Stephen Waddington is partner and chief engagement officer at Ketchum and visiting professor at Newcastle University.

10 years on from media and tech writer Tom Foremski's polemic against the press release Die! Press release! Die! Die! Die! the format shows no signs of giving up.

Foremski lamented the abuse of this general purpose document that has been mangled as a means of community engagement with a variety of marketing audiences or publics.

Time to pension off the press release?

​Despite the fragmentation of media, a shift to more personalised forms of communication, and the ability to create audio, text and video content, organisations remain fixated by a medium that is more than a 100 years old.

We’ve all a war story about a press release we’ve had to write to satisfy the ego of a boss or client that has zero news value.

The format was adopted and distorted by search agencies seeking to spray backlinks around the web until Google cut short their fun with an algorithm change.

Today progressive agencies and in-house teams push hard against the frequent call for a press release, making the case for alternative formats.

The UK government’s executive communication director Alex Aiken has rallied against sending out stuff for the sake of it, calling on press officers to become content producers.

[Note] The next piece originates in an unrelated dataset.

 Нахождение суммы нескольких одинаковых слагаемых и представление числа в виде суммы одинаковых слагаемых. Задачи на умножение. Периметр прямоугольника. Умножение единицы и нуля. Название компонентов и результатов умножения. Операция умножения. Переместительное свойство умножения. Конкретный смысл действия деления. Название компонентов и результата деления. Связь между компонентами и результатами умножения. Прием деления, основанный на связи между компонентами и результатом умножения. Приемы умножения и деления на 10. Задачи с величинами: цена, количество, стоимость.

Eight reasons the press release remains a dominant content format

There's plenty of reasons that the press release is alive and kicking.

1. Workflow

Press releases are well understood by organisations. It's a common format, created through a process of iteration and approval, for communication with external publics. Everyone know how they work.

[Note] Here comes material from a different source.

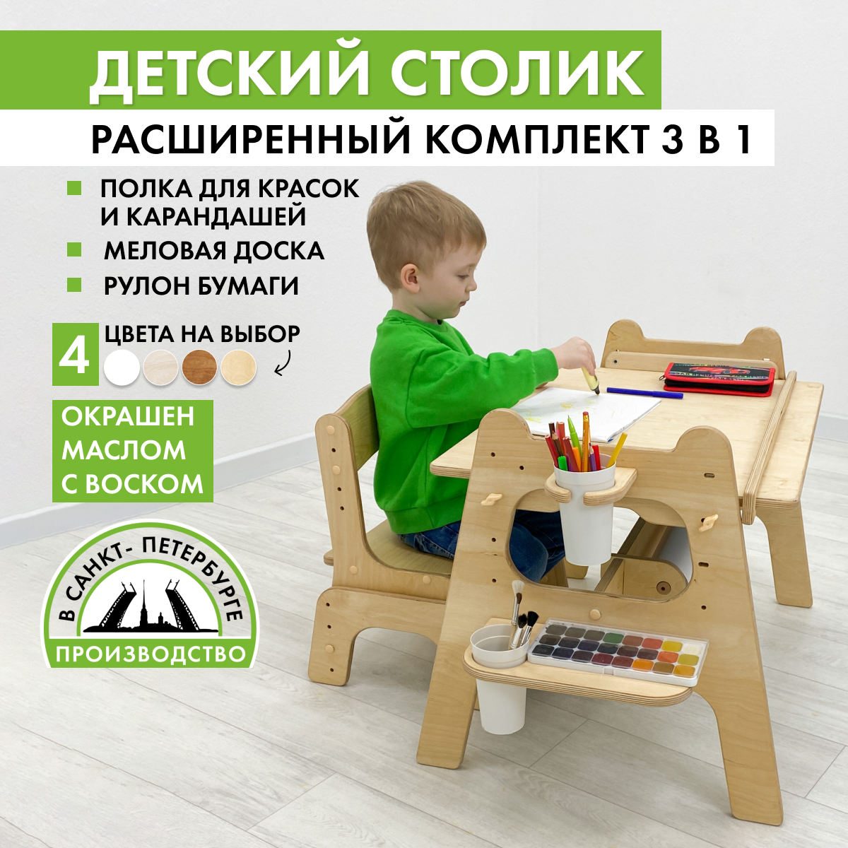 10 цен на Стол детский Малышок - парта трансформер, прозрачное масло

2. Legislative requirement

In many financial markets around the world, statements about public companies must be made on a wire service. The press release is a legal form of communication.

3. Web fodder

Here's a dirty secret. Most press releases aren't written for the press. Instead they are a general purpose document mangled and posted in a corporate website as a political pacifier to a multitude of audiences. Office politics can be heavily involved.

4. Vendor market

Press release distribution is a buoyant business. Cision’s $841m acquisition of PR Newswire at the end of 2015 confirmed that the press release remains a primary form of content and distribution.

5. Volumes

Data is hard to come by as vendors are tediously opaque but my hunch is that more press releases than ever are being pushed out onto the web. Our professions are filling the internet with lousy content that no one will read.

6. Scale

A lot of corporate communication and marketing teams still take comfort from how distributing a press release on a wire service will ensure that a story gets pushed out to a multitude of websites and indexed by Google.

7. Innovation

Smart vendors have spotted the opportunity to add a modern twist to the traditional press release format, giving rise to the social media press, and social media newsroom. It still looks and smells very much like a press release.

8. Dominance of media relations in practice

The CIPR’s State of Public Relations data from the past six years records media relations as the profession’s dominant activity by agency and in-house practitioners alike.

The press release is much maligned and abused as a format of content but it’s well understood. It’s a fundamental part of content marketing and public relations that is deeply embedded in organisational communication.

My hunch is that I’ll still be writing press releases for clients in 10 years’ time.